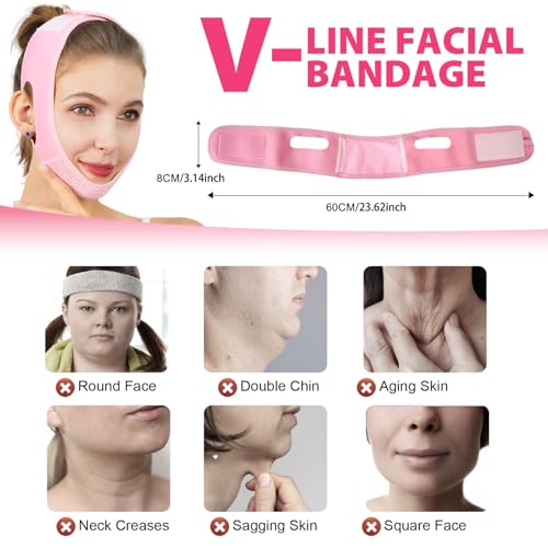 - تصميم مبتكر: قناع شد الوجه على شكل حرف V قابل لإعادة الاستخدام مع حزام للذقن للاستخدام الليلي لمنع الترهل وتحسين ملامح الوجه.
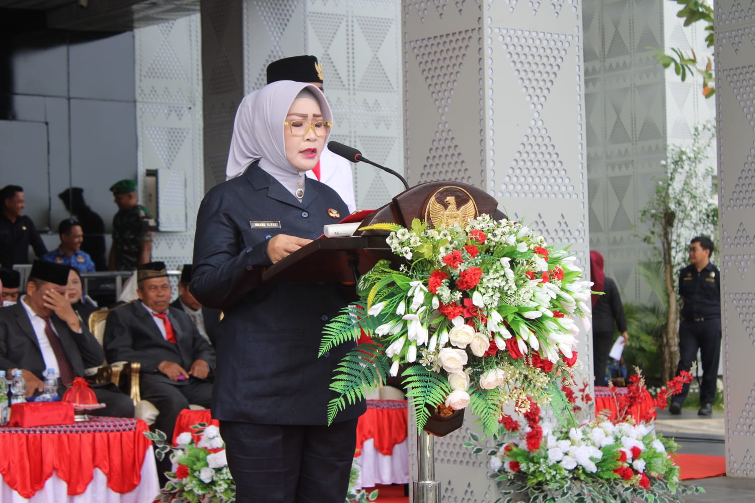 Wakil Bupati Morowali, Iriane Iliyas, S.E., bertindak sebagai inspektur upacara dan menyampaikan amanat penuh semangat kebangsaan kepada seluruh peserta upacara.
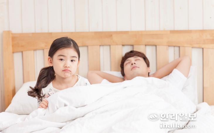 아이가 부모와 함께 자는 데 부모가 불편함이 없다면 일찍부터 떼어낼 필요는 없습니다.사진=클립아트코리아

▬▬▬

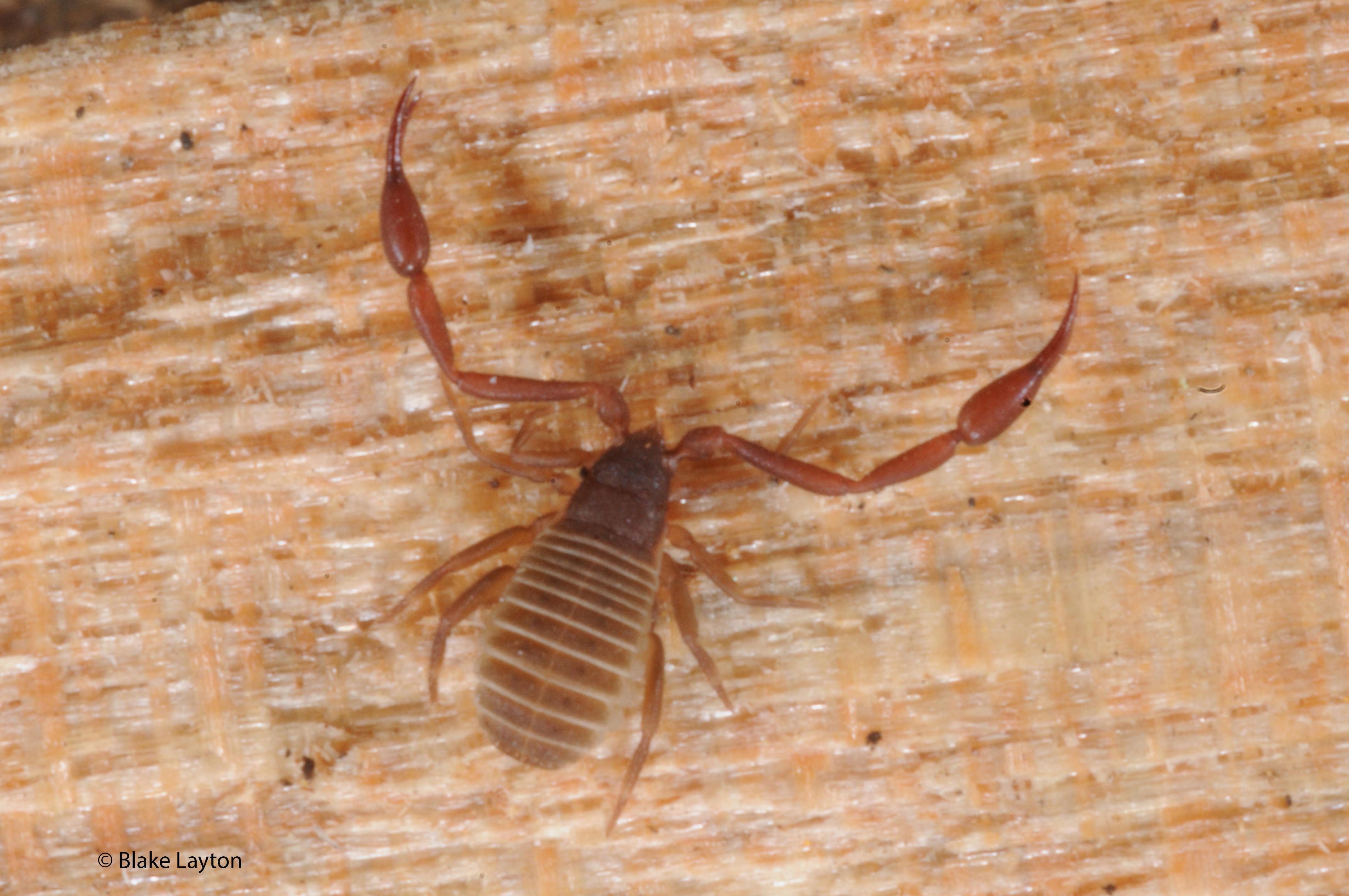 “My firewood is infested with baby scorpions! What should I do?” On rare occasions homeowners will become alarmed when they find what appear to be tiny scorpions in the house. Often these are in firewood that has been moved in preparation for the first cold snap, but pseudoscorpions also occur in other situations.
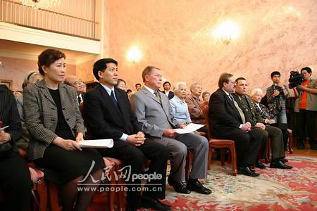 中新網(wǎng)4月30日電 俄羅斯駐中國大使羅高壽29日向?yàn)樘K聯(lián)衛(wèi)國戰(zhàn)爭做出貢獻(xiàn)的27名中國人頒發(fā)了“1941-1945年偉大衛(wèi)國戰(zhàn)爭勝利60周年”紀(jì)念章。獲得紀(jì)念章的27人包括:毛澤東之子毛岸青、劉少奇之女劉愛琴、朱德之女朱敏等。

▬▬▬

- _What is being asked_: Output only the lines above from the line that holds "Wakil Bupati Morowali, Iriane" through the line that holds "아이가 부모와 함께 자는", both ends included, and exclude pictures.

- _Solution_:
 Wakil Bupati Morowali, Iriane Iliyas, S.E., bertindak sebagai inspektur upacara dan menyampaikan amanat penuh semangat kebangsaan kepada seluruh peserta upacara.
 아이가 부모와 함께 자는 데 부모가 불편함이 없다면 일찍부터 떼어낼 필요는 없습니다.사진=클립아트코리아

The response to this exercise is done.